At 05:58 PM 5/10/01 -0400, Roger Sohn wrote:
>I think most people don't understand that if you do work for Cisco,
>employees are required to score 10 or 15% higher than the regular passing
>score.  And that also goes for the CCIE Lab exam as well as the other CCxx
>tests.
>
>Cisco also only allows 2 free lab attempts, and anything after that you have
>to pay for the entire amount that everyone else pays.
>
>-----Original Message-----
>From: Q [mailto:[EMAIL PROTECTED]]
>Sent: Thursday, May 10, 2001 2:26 PM
>To: [EMAIL PROTECTED]
>Subject: Re: Congrats [7:4044]
>
>Gee that's kinda like working at Microsoft as a Windowz architech and
>getting your MCSE! How hard can that be? Send me the CCIE's work resume out
>side of the lab of Cisco, then i'll be impressed..See if you can manage
>Riverstone and Nortel equipment as well.....Well first you gotta survive the
>Cisco layoffs. Bummer...heh..
>
>Q

Not sure on the 10-15% higher bit, it might be true.  Although, some have 
suspected some leniency given to Cisco employees, but I cannot verify this 
rumor.

Actually, (2 free tries) that was recently changed.  It used to be 
unlimited tries for Cisco employees, and the policy changed since Cisco 
realized that their own employees had the highest % failure rate.  Not due 
to lack of skill, but from an "attrition" kind of attitude.

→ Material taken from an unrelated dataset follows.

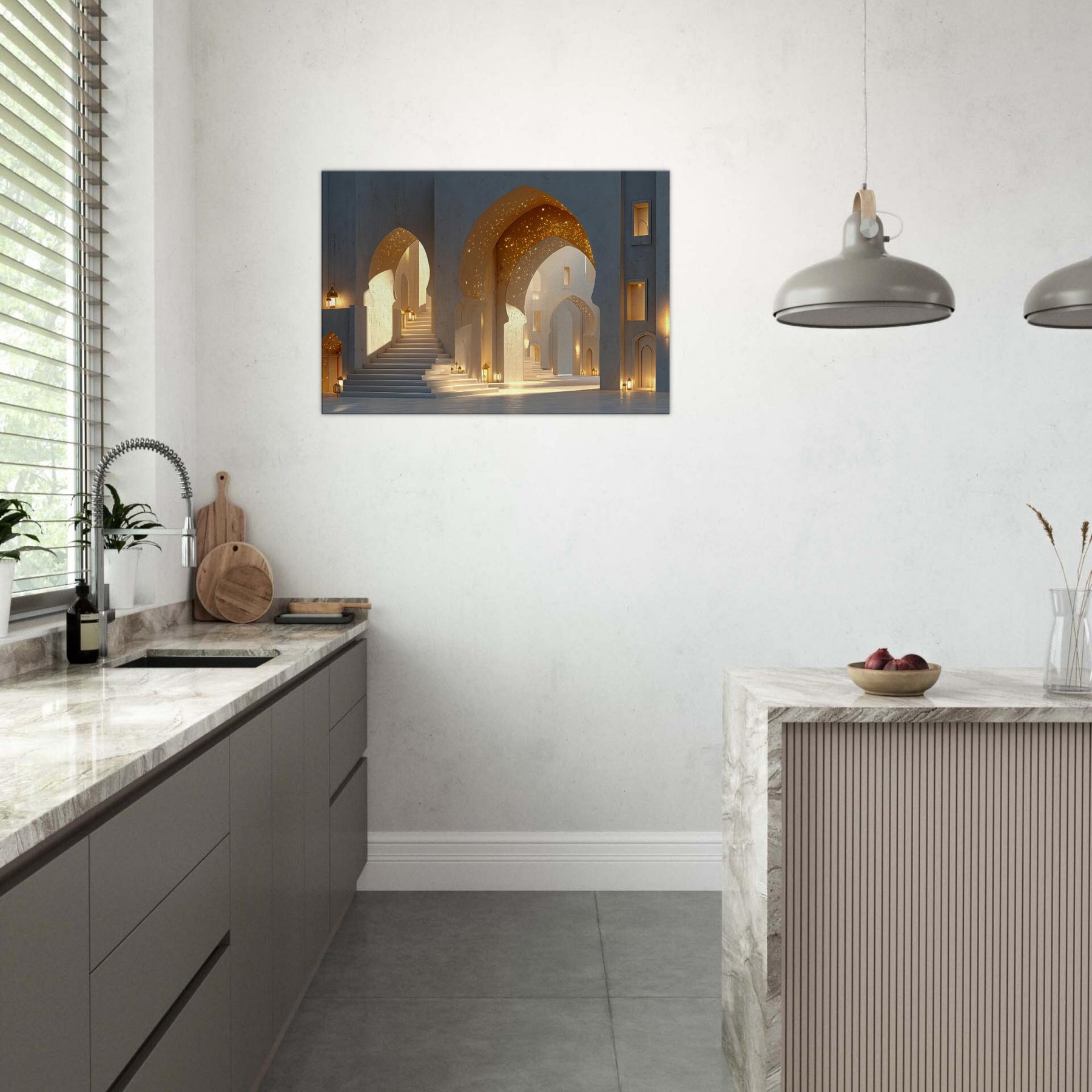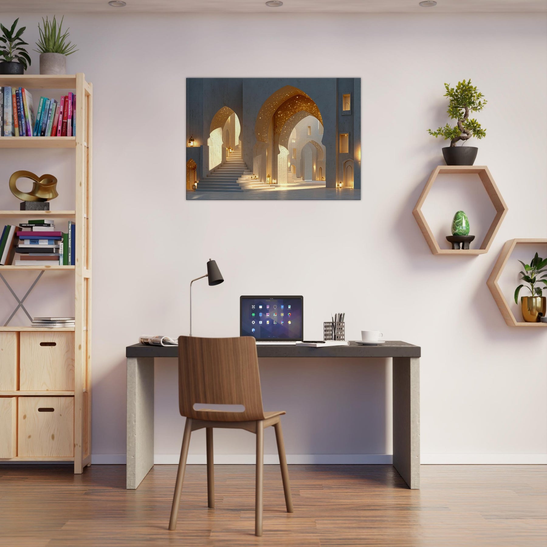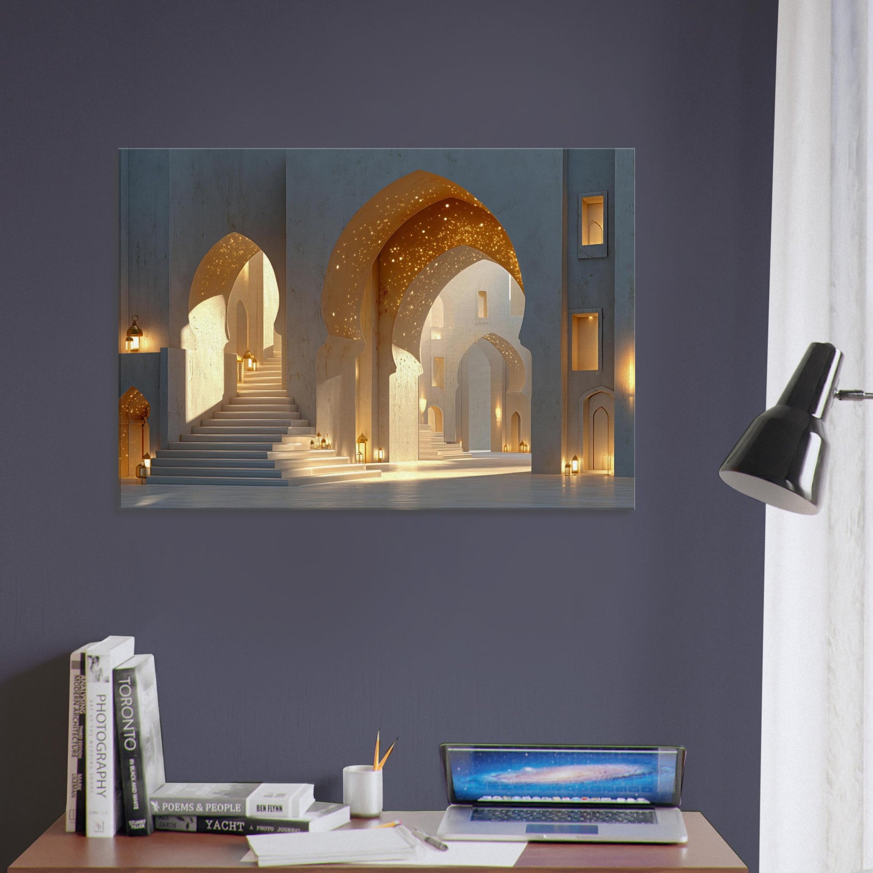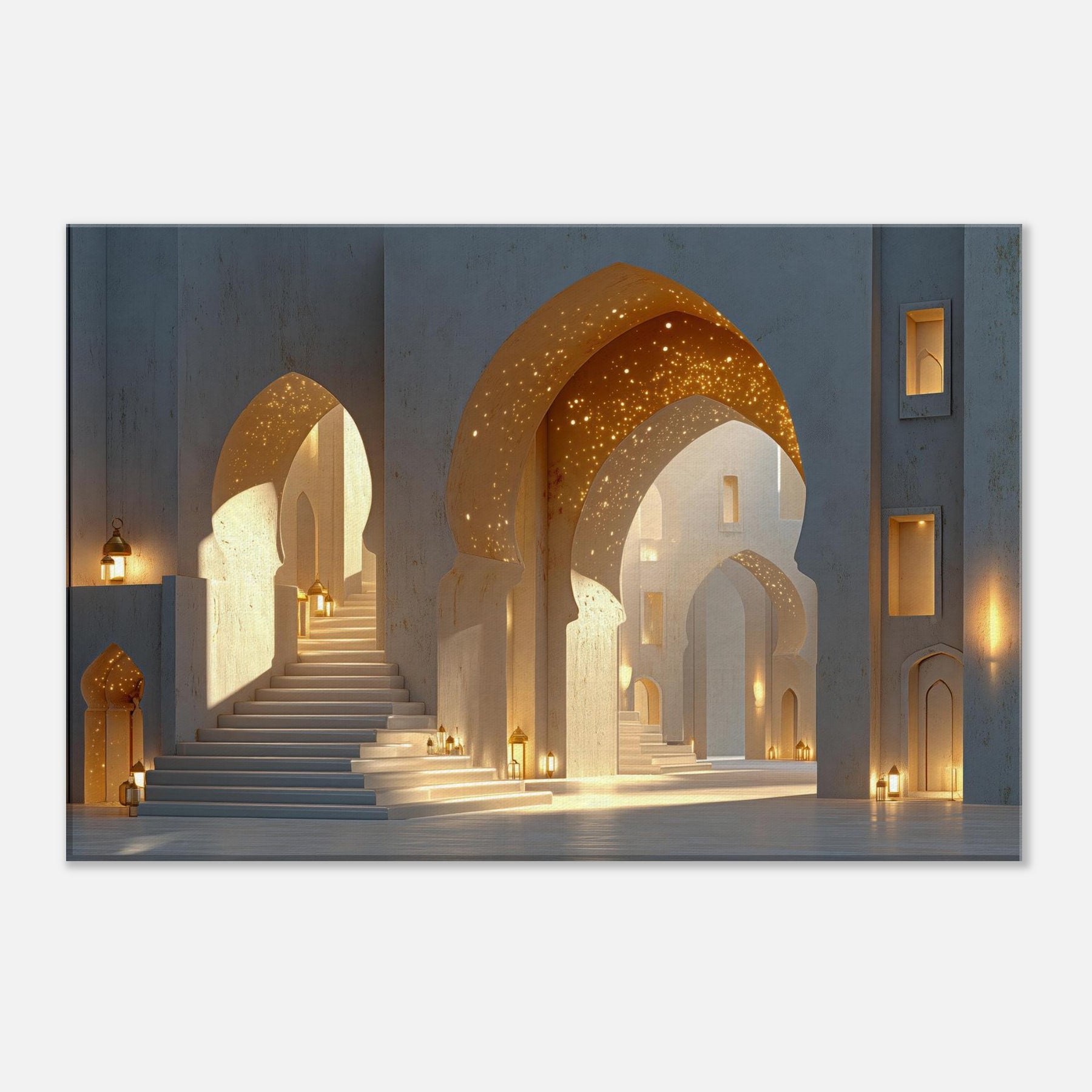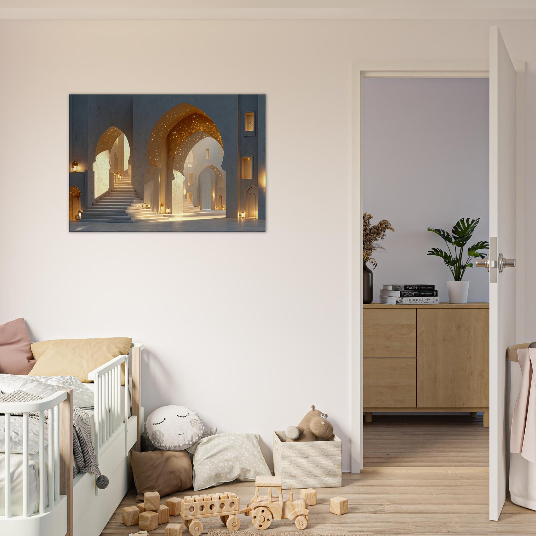 Step into an Arabian Bazaar rendered in a dreamlike procession of arches and lanterns, where light pours down stairways and dissolves into gold. This surreal architectural reverie invites quiet contemplation as warm, amber hues pool along smooth plaster and cast elongated shadows. A living room transformed by this piece feels sculpted by moonlight and memory, calm, generous, and endlessly inviting. Let the atmospheric glow cradle conversations and anchor your space with timeless, exotic wonder.

That would somewhat debunk Q's belief that just because you work at Cisco 
the CCIE and "friends" are not "that hard."  The CCIE requires you to know 
a tremendous amount of information (referencing the Routing and Switching 
track).

I will admit, getting the CCIE probably should not be heralded as a feat 
beyond say acquiring a PHD, but I do not think it is nearly as trivial as Q 
is making it out to be.  Most if not all the CCIEs I have run into know 
their stuff at least in the networking realm.  If they know beyond that 
scope, it's more power to them, but I would not expect them to know more 
than what they hired for, which is master of the networks (spanning from 
ATM to DLSW+).  Learning other vendors equipment should also not be such a 
difficult feat, the human ability to learn is incredible, and if someone 
can get the CCIE within a reasonable amount of time, learning other 
vendor's product should not be that difficult.  (like a programming 
learning another language, it's mainly syntax, theory and algorithms are 
the same).

All in all though, I see no reason to go bashing on anyone who has 
successfully procured a CCIE certification.  It certainly is not a bookworm 
exam (try taking the lab, the written is by no means, ANY serious sign of 
qualification for the CCIE, it's a filter, like freshmen year of 
college).  If he is just really good at short term cramming (even for the 
lab, which I really do not see how, but I will assume it is somewhat 
possible), it will catch up to him in time.  If he is really good at 
retaining the knowledge and applying it, more kudos to him as the program 
worked.  After all the trouble they went through, lets give them the 
benefit of the doubt and say they are the latter.